• [Task item]: Once you reach the line containing "2016年,韩国现代起亚合计" in the data below, restate each line word for word up to and including the one containing "SÍIIIIIIIIII......por fin también".

######

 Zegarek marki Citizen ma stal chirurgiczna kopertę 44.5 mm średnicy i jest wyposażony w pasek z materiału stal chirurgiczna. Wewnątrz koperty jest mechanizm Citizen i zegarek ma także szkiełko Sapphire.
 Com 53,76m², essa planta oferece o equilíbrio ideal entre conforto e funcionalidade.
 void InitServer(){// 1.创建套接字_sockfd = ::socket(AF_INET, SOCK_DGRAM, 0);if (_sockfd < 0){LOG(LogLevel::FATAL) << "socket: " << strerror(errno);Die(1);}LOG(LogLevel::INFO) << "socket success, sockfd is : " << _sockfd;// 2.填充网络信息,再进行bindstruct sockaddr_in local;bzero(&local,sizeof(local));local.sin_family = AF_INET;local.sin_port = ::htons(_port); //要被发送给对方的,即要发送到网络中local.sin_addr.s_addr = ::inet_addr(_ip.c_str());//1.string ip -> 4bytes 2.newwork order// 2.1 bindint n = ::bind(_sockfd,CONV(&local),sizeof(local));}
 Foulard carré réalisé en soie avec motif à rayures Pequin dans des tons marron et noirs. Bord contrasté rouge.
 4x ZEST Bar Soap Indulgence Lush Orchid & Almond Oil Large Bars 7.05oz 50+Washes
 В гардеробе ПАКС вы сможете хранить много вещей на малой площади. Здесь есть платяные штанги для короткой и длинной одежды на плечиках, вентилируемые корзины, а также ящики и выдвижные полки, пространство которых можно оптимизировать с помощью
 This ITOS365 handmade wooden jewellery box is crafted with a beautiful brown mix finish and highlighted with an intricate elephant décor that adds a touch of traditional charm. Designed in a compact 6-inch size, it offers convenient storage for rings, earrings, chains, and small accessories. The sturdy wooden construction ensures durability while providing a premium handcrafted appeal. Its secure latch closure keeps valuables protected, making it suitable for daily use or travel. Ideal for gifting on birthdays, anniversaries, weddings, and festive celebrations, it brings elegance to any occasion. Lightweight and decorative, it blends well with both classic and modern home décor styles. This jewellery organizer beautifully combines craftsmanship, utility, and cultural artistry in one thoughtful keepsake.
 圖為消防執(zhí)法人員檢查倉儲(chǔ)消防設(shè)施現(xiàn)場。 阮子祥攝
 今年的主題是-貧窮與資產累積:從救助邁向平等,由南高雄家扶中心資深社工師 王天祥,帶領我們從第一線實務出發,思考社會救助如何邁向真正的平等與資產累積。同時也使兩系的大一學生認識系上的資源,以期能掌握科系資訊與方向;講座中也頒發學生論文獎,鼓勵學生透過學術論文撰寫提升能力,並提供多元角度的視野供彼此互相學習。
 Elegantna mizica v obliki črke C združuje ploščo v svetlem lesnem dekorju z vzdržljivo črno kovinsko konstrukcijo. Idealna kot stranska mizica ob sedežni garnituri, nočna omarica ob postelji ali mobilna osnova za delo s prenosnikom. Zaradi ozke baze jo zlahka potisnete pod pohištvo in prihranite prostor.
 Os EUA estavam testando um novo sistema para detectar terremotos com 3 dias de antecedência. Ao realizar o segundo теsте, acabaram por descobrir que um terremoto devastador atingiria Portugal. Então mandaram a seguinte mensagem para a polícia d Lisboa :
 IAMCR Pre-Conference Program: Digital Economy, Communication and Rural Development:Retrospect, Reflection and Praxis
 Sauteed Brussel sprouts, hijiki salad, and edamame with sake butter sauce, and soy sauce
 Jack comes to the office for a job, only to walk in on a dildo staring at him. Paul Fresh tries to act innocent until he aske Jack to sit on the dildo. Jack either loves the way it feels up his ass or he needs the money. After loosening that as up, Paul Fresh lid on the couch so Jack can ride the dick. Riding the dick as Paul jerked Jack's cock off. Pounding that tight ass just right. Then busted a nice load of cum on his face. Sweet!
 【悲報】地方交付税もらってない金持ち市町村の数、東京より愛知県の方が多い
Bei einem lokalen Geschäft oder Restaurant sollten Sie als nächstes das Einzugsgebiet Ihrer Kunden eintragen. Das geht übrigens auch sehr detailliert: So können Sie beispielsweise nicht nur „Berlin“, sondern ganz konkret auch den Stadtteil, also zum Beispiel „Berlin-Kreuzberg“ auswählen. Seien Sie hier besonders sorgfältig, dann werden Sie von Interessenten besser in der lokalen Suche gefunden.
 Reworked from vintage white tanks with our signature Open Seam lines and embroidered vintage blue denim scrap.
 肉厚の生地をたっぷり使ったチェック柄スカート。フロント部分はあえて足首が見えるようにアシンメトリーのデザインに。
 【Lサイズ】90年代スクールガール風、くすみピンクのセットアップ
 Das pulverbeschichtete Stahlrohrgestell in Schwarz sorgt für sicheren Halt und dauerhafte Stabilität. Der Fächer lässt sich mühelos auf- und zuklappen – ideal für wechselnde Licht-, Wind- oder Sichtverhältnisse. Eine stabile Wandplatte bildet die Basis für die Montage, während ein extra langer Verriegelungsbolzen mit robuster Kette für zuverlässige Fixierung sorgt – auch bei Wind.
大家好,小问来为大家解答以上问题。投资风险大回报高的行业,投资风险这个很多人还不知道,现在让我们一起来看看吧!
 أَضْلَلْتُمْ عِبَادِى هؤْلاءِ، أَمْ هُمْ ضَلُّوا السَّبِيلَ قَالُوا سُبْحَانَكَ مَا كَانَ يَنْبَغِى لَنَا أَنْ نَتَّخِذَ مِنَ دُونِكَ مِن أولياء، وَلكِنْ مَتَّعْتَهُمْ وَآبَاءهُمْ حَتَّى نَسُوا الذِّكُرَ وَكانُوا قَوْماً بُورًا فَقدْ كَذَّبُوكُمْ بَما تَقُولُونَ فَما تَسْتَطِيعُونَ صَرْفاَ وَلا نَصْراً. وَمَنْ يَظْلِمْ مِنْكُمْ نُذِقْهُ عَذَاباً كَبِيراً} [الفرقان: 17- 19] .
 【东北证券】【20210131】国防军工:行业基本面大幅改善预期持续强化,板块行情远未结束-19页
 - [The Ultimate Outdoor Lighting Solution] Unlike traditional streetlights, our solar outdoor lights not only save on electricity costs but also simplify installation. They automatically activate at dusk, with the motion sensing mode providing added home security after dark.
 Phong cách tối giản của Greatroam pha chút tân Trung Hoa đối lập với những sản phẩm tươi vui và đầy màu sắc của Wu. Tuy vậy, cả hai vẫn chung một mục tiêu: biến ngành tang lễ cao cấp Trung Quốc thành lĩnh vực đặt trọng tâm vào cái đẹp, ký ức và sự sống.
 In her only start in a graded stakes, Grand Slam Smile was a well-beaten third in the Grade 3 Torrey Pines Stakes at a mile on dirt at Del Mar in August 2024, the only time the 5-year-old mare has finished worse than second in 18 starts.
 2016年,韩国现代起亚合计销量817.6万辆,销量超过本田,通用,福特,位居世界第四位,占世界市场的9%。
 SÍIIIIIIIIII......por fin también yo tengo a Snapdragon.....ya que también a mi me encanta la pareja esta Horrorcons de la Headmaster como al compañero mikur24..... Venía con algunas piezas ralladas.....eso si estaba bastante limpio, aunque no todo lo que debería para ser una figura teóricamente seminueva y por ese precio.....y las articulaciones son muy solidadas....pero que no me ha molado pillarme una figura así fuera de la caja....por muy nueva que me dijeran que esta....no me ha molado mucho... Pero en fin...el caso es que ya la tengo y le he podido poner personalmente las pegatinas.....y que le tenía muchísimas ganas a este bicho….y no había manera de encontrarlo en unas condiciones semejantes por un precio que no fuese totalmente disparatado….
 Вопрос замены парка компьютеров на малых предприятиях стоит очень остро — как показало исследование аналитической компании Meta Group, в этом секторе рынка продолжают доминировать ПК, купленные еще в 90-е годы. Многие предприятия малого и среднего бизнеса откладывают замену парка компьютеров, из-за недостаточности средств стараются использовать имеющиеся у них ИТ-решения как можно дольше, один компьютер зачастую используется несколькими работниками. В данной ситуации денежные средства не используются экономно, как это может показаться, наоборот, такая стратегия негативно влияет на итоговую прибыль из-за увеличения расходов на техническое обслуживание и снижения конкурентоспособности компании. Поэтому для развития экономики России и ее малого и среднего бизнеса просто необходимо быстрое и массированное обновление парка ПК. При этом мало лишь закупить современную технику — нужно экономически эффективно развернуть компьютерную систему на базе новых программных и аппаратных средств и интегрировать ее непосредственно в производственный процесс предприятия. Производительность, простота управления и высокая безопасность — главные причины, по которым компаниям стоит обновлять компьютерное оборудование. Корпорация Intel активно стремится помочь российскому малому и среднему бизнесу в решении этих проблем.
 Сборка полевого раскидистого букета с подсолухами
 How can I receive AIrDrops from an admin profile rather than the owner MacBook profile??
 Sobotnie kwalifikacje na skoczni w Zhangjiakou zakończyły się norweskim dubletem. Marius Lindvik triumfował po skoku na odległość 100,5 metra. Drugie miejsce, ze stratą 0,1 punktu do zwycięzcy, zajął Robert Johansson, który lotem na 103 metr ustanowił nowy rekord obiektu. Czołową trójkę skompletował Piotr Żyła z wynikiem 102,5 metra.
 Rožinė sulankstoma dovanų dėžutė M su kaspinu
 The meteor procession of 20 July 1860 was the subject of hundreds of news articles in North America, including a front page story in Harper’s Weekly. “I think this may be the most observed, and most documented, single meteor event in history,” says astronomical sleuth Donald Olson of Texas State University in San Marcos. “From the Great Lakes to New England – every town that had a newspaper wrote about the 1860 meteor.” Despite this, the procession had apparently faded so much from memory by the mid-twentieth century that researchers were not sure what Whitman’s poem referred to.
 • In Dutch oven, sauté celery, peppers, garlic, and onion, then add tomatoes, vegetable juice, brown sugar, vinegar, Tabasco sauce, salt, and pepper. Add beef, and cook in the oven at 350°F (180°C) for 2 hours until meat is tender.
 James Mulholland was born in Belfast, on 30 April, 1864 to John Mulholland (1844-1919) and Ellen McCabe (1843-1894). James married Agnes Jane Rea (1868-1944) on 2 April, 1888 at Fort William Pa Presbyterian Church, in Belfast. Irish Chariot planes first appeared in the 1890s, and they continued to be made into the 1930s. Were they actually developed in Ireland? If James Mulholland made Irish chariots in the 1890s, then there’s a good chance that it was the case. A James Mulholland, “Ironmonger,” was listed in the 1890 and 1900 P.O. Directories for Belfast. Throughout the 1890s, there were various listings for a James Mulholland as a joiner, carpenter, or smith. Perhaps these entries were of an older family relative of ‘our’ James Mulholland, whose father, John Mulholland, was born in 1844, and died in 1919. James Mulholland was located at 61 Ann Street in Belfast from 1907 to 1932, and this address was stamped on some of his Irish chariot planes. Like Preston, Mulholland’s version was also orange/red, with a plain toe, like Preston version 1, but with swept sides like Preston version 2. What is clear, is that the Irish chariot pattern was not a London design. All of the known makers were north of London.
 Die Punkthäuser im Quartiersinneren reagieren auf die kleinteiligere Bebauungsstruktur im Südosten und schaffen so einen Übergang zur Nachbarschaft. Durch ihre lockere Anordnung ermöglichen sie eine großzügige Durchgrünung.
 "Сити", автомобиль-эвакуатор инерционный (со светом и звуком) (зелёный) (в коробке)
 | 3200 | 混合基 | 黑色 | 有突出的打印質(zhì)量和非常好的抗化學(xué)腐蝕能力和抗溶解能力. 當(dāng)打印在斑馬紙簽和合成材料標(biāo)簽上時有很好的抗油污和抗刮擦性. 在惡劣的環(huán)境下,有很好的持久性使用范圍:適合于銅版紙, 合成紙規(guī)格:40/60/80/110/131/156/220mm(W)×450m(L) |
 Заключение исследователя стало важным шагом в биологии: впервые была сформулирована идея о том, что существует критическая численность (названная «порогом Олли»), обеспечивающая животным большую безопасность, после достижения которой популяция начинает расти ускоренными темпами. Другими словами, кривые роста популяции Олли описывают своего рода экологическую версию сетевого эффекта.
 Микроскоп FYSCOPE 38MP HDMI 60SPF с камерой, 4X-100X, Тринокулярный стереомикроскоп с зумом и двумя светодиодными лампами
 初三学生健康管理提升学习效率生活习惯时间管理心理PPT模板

######

• [Solution for this task]:
 2016年,韩国现代起亚合计销量817.6万辆,销量超过本田,通用,福特,位居世界第四位,占世界市场的9%。
 SÍIIIIIIIIII......por fin también yo tengo a Snapdragon.....ya que también a mi me encanta la pareja esta Horrorcons de la Headmaster como al compañero mikur24..... Venía con algunas piezas ralladas.....eso si estaba bastante limpio, aunque no todo lo que debería para ser una figura teóricamente seminueva y por ese precio.....y las articulaciones son muy solidadas....pero que no me ha molado pillarme una figura así fuera de la caja....por muy nueva que me dijeran que esta....no me ha molado mucho... Pero en fin...el caso es que ya la tengo y le he podido poner personalmente las pegatinas.....y que le tenía muchísimas ganas a este bicho….y no había manera de encontrarlo en unas condiciones semejantes por un precio que no fuese totalmente disparatado….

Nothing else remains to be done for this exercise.